Instead of arranging the light emitting element 220 diagonally, the light reflecting member 240 may be arranged diagonally. That is, the light emitting element 220 may be arranged parallel or perpendicular to the inner side surface 210c or the outer side surface 210d of the base 210, and the light reflecting member 240 may be arranged so as not to be parallel and perpendicular to each other. In addition, parallel or vertical here allows a difference within ± 5 degrees.

The light emitted from the emission end face of each of the two light emitting elements 220 irradiates the corresponding light reflecting member 240. The corresponding light reflecting member 240 is a light reflecting member 240 arranged on the same metal film. The light emitting element 220 is arranged so that the light of at least the main portion is irradiated to the light reflecting surface 241.

Further, between the corresponding light emitting element 220 and the light reflecting member 240, the light emitting element 220 is located farther from the point of symmetry than the light reflecting member 240. Therefore, the light emitted from the light emitting element 220 travels in the direction approaching the point of symmetry. Further, at least one of the two light emitting elements 220 is arranged at a position close to the temperature measuring element 260. Thereby, the temperature of the light emitting element 220 can be measured satisfactorily.
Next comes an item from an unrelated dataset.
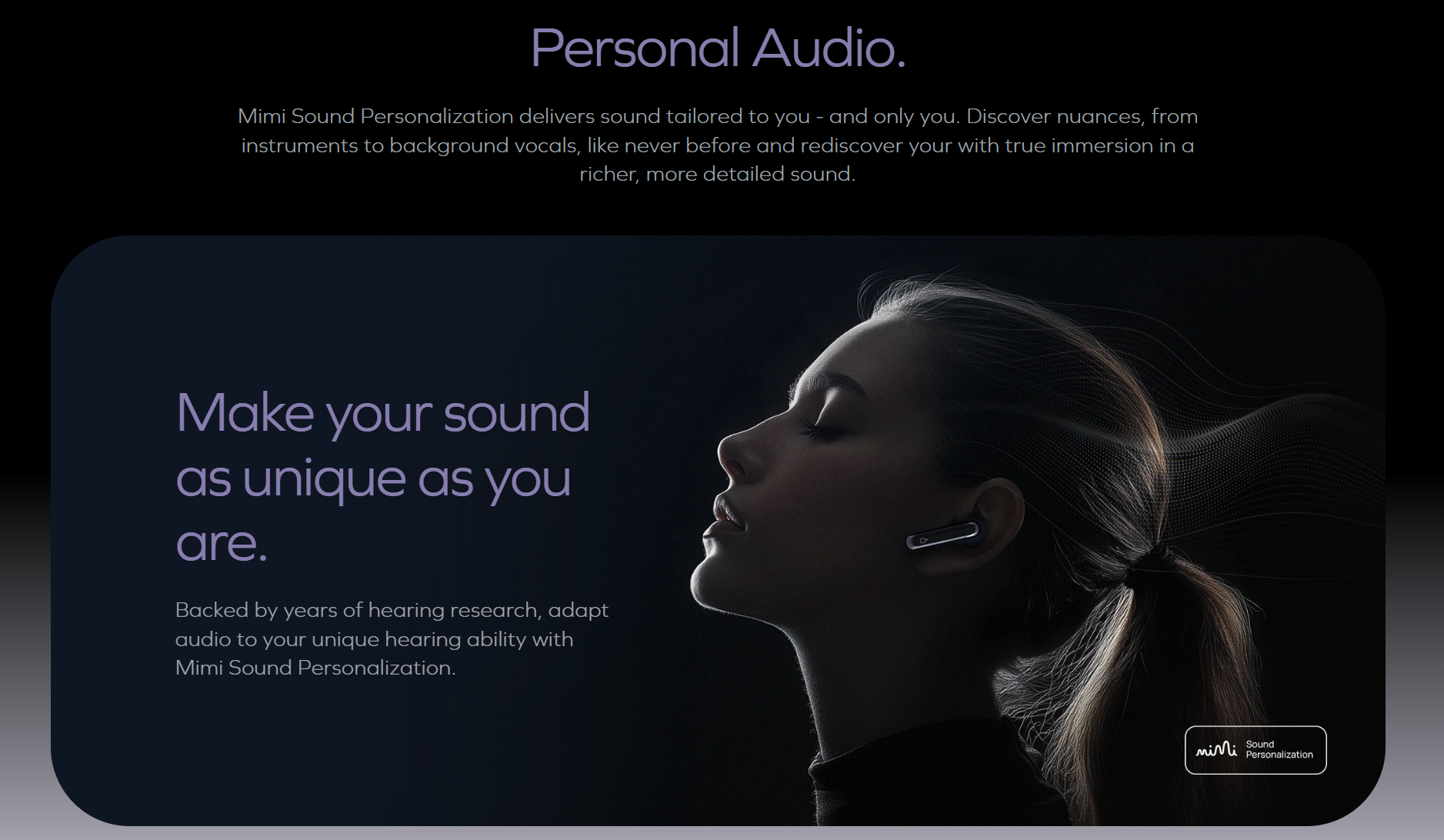 Experience unparalleled sound quality with personalized audio technology in a sleek, true wireless design.

The submount 230 in which the light emitting element 220 is arranged serves as a heat radiating member in the light emitting device 200 to release heat generated from the light emitting element 220. In order to make the submount 230 function as a heat radiating member, it may be formed of a material having a higher thermal conductivity than the light emitting element 220. Further, if the base 210 is made of a material having a higher thermal conductivity than the bottom surface 210e, a higher heat dissipation effect can be obtained.

Further, the submount 230 can play a role of adjusting the light emission position of the light emitting element 220 in the light emitting device 200. For example, the submount 230 can be used as an adjusting member when it is desired to make the light passing through the optical axis horizontal to the bottom surface 210e and to irradiate a predetermined position on the light reflecting surface 241.
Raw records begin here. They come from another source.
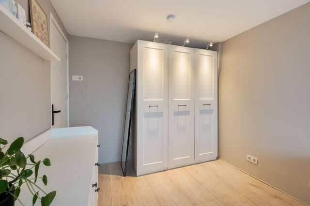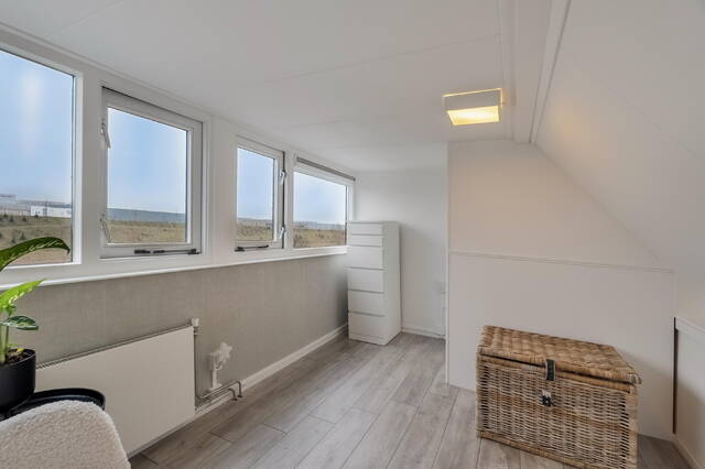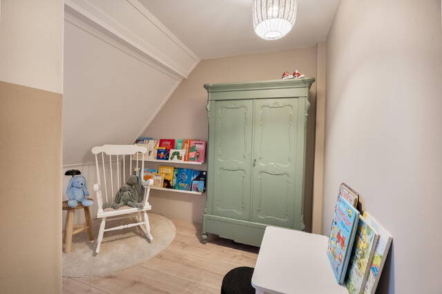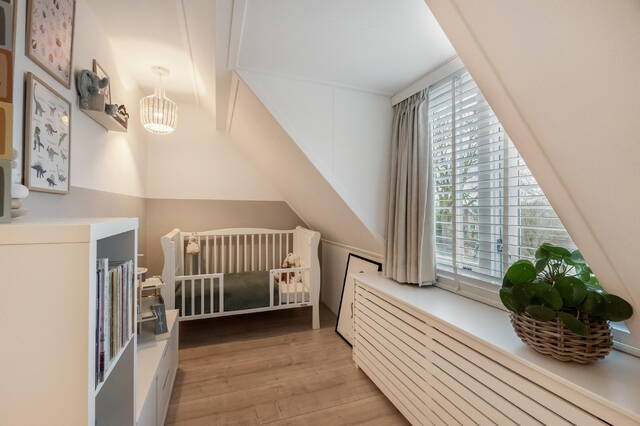De zolderkamer vormt een extra woonlaag, deze is niet meegenomen in de metrage van het woonoppervlakte. Met een dakkapel aan de achterzijde, knieschotten met bergruimte en een laminaatvloer is dit een ideale ruimte als thuiswerkplek, (hobby)kamer. Ook hier zijn de houten kozijnen voorzien van dubbele beglazing.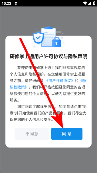 1、打开研修掌上通,在用户协议弹窗中,点击同意。
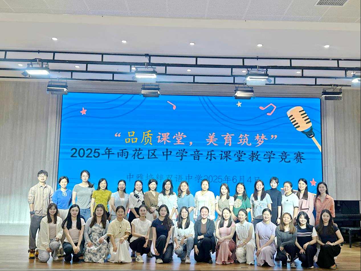 近日,2025年雨花区中学音乐新教材课堂教学竞赛活动在中雅培粹双语中学举行。此次活动吸引了雨花区全体中学音乐教师踊跃参与,共同为提升音乐教学质量、探索新教材应用献计献策。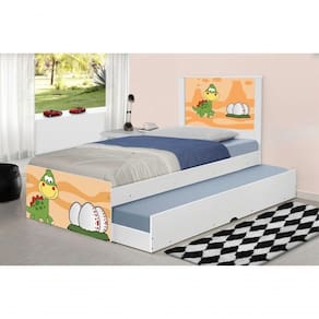 A Bicama Juvenil Barcelona Adesivada Dinossauro Baby é belíssima e conta com um design funcional, que ocupa pouco espaço no ambiente. A Coleção Dinossauro Baby foi desenvolvida por nossos designers oferecendo um visual exclusivo, descontraído e divertido ao ambiente. A cama auxiliar fica embaixo da principal e basta puxá-la por meio das corrediças para começar a fazer dela. É ideal para quartos pequenos e para caso precise de uma cama extra para receber um amigo, ou divida o dormitório com alguém. Feita em MDF e MDP e seu acabamento é feito com pintura UV brilhante tornando-a um produto resistente e com aspecto de novo por muito mais tempo. É uma excelente escolha para acomodar colchões de solteiro na medida de 188 cm x 88 cm de largura.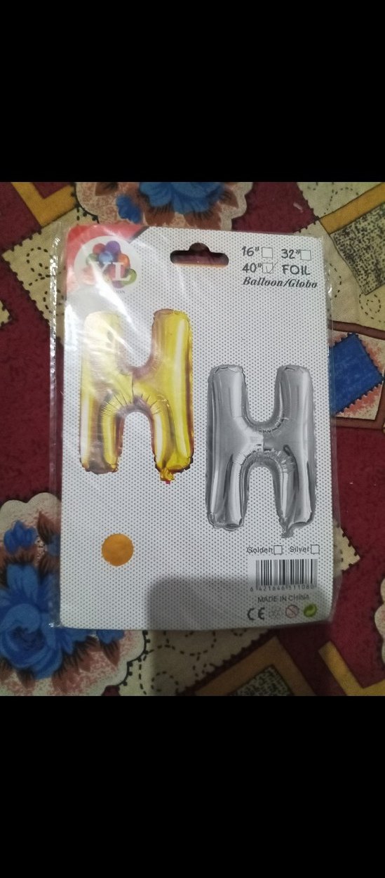 Parti süslemeleri için 40 cm boyunda renkli H harfi folyo balon.

The light emitting element 220, the protective element 250, and the temperature measuring element 260 are electrically connected to a metal film provided on the bottom surface 210e of the base 210 via the corresponding wiring 270. A metal film provided on the bottom surface 210e of the base 210 is used for electrical connection between these elements and an external power source. As a result, these elements and the external power supply can be electrically connected via the metal film on the upper surface 210a of the base 210.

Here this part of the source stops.